From public health perspectives of COVID-19 pandemic, accurate estimates of infection severity of individuals are extremely valuable for the informed decision making and targeted response to an emerging pandemic. This paper presents machine learning based prognostic model for providing early warning to the individuals for COVID-19 infection using the health care data set. In the present work, a prognostic model using Random Forest classifier and support vector regression is developed for predicting the susceptibility of COVID-19 infection and it is applied on an open health care data set containing 27 field values. The typical fields of the health care data set include basic personal details such as age, gender, number of children in the household, marital status along with medical data like Coma score, Pulmonary score, Blood Glucose level, HDL cholesterol etc. An effective preprocessing method is carried out for handling the numerical, categorical values (non-numerical), missing data in the health care data set. Principal component analysis is applied for dimensionality reduction of the health care data set. From the classification results, it is noted that the random forest classifier provides a higher accuracy as compared to Support vector regression for the given health data set. Proposed machine learning approach can help the individuals to take additional precautions for protecting against COVID-19 infection. Based on the results of the proposed method, clinicians and government officials can focus on the highly susceptible people for limiting the pandemic spread.

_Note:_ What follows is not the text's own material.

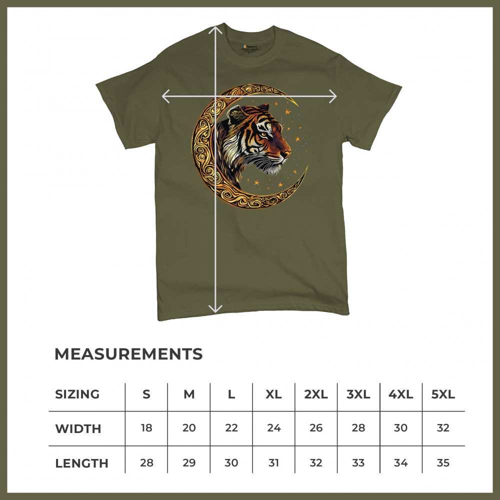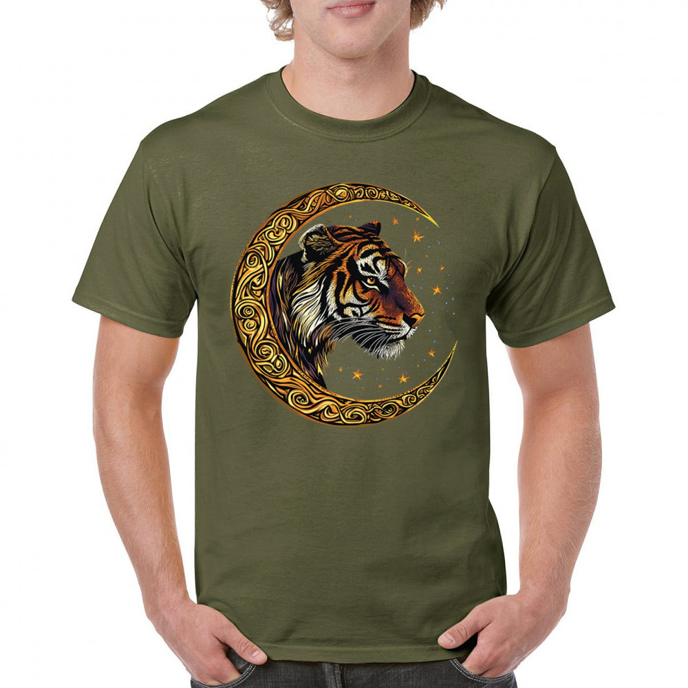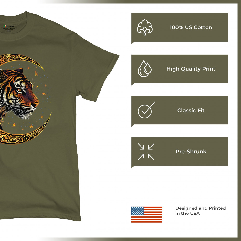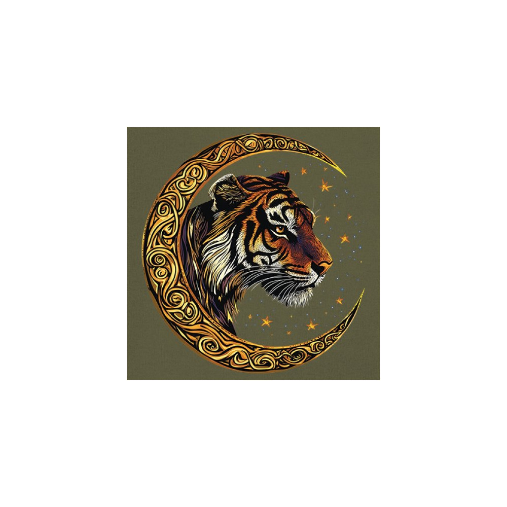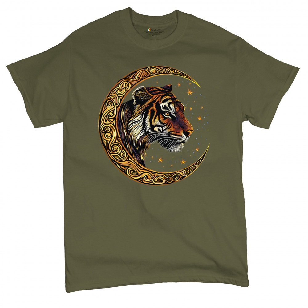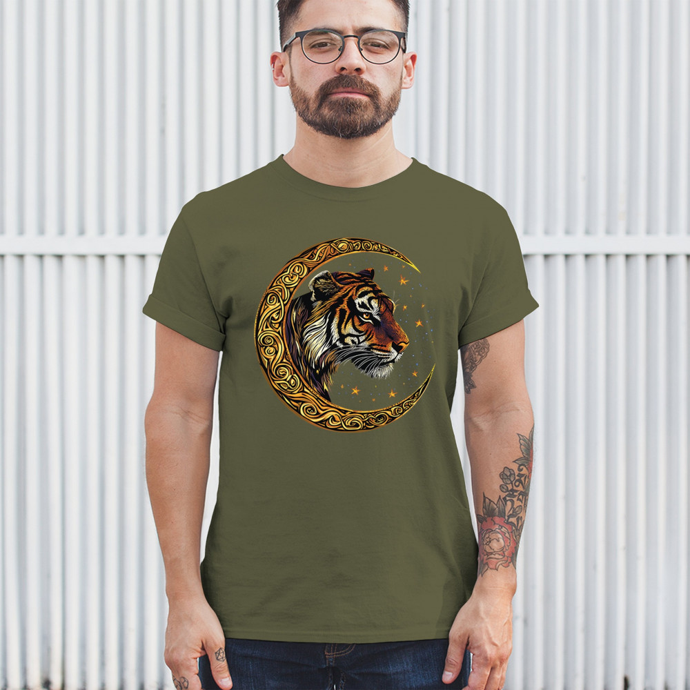 Bold tiger design in Celtic moon with cosmic sky. Symbol of strength, instinct, and jungle mysticism. Great for animal lovers and fantasy fans.

Methods In the present work, Random Forest classifier and support vector regression techniques are applied to a medical health care dataset containing 27 variables for predicting the susceptibility score of an individual towards COVID-19 infection and the accuracy of prediction is compared. An effective preprocessing is carried for handling the missing data in the health care data set. Principal Component Analysis is carried out on the data set for dimensionality reduction of the feature vectors.
Results From the classification results, it is noted that the Random Forest classifier provides an accuracy of 90%, sensitivity of 94% and specificity of 81% for the given medical data set.
Conclusion Proposed machine learning approach can help the individuals to take additional precautions for protecting people from the COVID-19 infection, clinicians and government officials can focus on the highly susceptible people for limiting the pandemic spread.